You haven't presented good arguments for why this is innovative for one thing and you haven't provided good reasons for why this would be successful in the home. An average income home that is, not some NFL player's home.
I'd like to particularly know why you consider this innovative. To read data with cameras and act on that is obvious, why should that make it innovative.
Terrin said on Monday, 11 June 2007
Multi-touch is great for some things, but not so much so for others. I suggest for home computers it is not that practical. Most of all, typing on a screen is not a super fast process compared to typing on a keyboard.
ALso, Surface uses cameras below the surface. I cannot see that approach used in small devices like phones or notebooks. Also, Apple has patented its multi-touch system.
brotherStefan said on Monday, 11 June 2007
Anybody remember seeing Apple's recent patent for an LCD screen where each pixel also includes a camera cell? Now, THAT's innovation. Five cameras in a tub computer? Not so much.
Robert said on Monday, 11 June 2007
Surface sounds like the light pen of the 80s tied to a projection TV given bar code reading ability. Hardly a new interface. Definitely not new technology.
Swampthing said on Monday, 11 June 2007
Microsoft was pushing mobility. Apple took it to the next level or did they? Why would Microsoft have the consumer sit around their PC coffee table? Now I have to go looking for a coffee table.
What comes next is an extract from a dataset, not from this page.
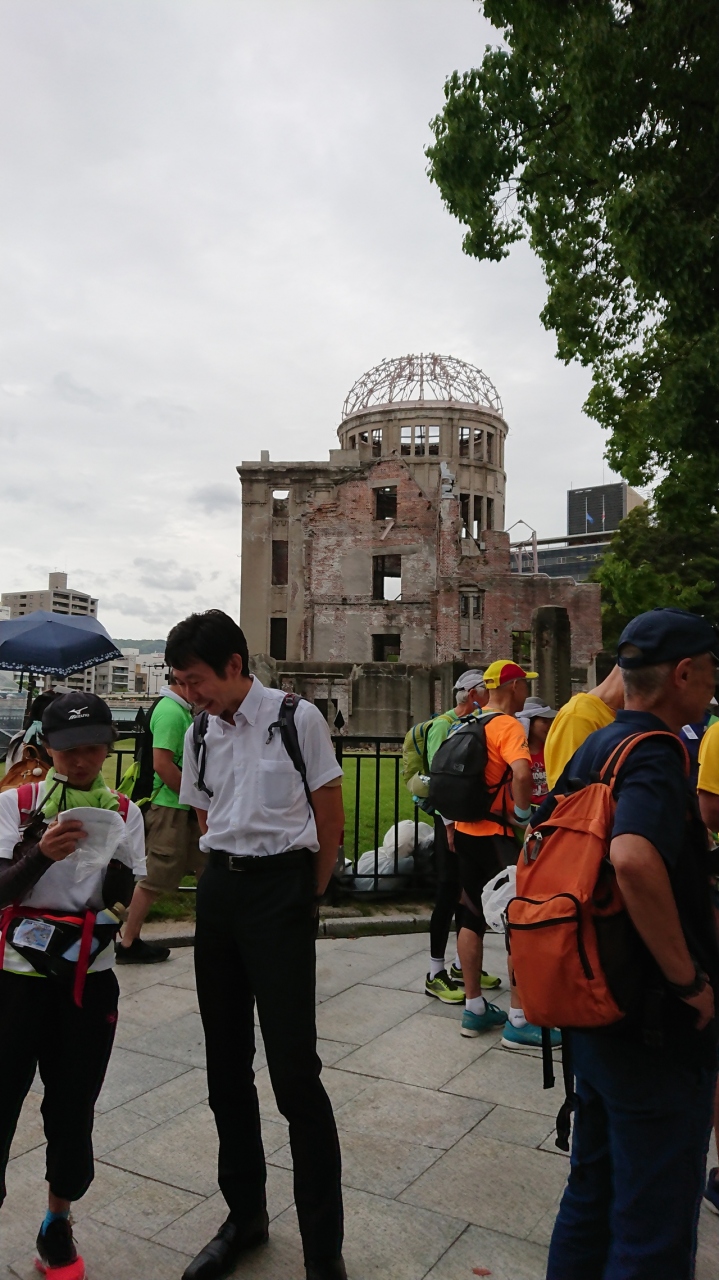 私は今年で4回目です。前日に広島のホテル入りして、午後六時、仲間達と説明会という名、三泊四日でリレーマラソンをします。の懇親会。東京、名古屋、京都、大阪などから集まった方達と旧交を暖めます。翌日、原爆ドーム前に集合して、グループごとに写真を撮り、黙祷をして、長崎11時の黙祷に向けて各グループ

Swampthing said on Monday, 11 June 2007
How does Microsoft's Surface help me shop while walking thru the isles of Best Buy for an object? With a web enabled mobile device, a consumer / web user could click on a, 1D, 2D, UPC, QR, slogan, logo, trademark, keyword, RFID, etc. and get price comparison, location, watch a preview of a movie, get a schedule, get a coupon, click on link of a short story (like the WSJ) that goes to the whole story, concert tickets, sent instantly back to me on my mobile device. So really how innovative is Microsoft and their new Surface PC table? Who will have the upper hand?
IMO, all Apple needs to do is talk to Neomedia to introduce a mobile platform for the iPhone.
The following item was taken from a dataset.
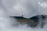 Vanaf een van de hoogste bergen van het Portugese eiland Madeira, heb je een prachtig uitzicht over de omgeving. Soms wordt die omgeving in nevelen gehuld als de wolken zorgen voor mist op de andere toppen. Hier zijn een aantal bomen gehuld in de waterdruppels op grote hoogte.

Qode, a mobile platform, offers one click to content.
Go to
www.qode.com.
Tired of the pundits, press, and users all jumping to report the same thing about MSFT over and over?
Synthmeister said on Monday, 11 June 2007
Surface is barely a proof-of-concept idea. It's up to vendors and customers to come up with something useful. iPhone will be an actual, working product with a clear function and comes tomarket in less than a month and your average, middle class professional can afford one. (And will provide a fourth revenue stream to Apple's bottom line.
iPhone leverages Mac OS X in a handheld device with less than 4 gigs memory. Surface leverages Vista in a device the size of your kitchen sink and more cameras and projectors than your local Best Buy keeps in it's inventory.
B. Buehler said on Monday, 11 June 2007
Let's microsucks ship the product first. That would be a miracle in itself. Seeing how well they implemented Zune... well thought out, amazing colors... oh stop it the laughing hurts too much. One thing that did impress is microsoft copied the entire iPod look for surface. No one ever siad they were an innovator
dorian said on Monday, 11 June 2007
I agree with jMan. I don't see where MS has beat Apple at anything. The software barrows tremendously from the iPhone so thats that. And the 5 camera system doesn't seem to efficient. As another reader mentioned, how are they going to place 5 cameras into an LCD? Vistas if full of bugs and Surface is probably the same. I actually have to see this thing to believe it. The idea that MS has released Vista, a second rate OS at the same time are realeasing this futuristing item, doesn't jive. Something is not right.
I say, Apple will most likely have something with the elegance of the iPhone and loaded with Core Animation sooner than MS will have a realiable product that can be used in anything that is not 3' tall.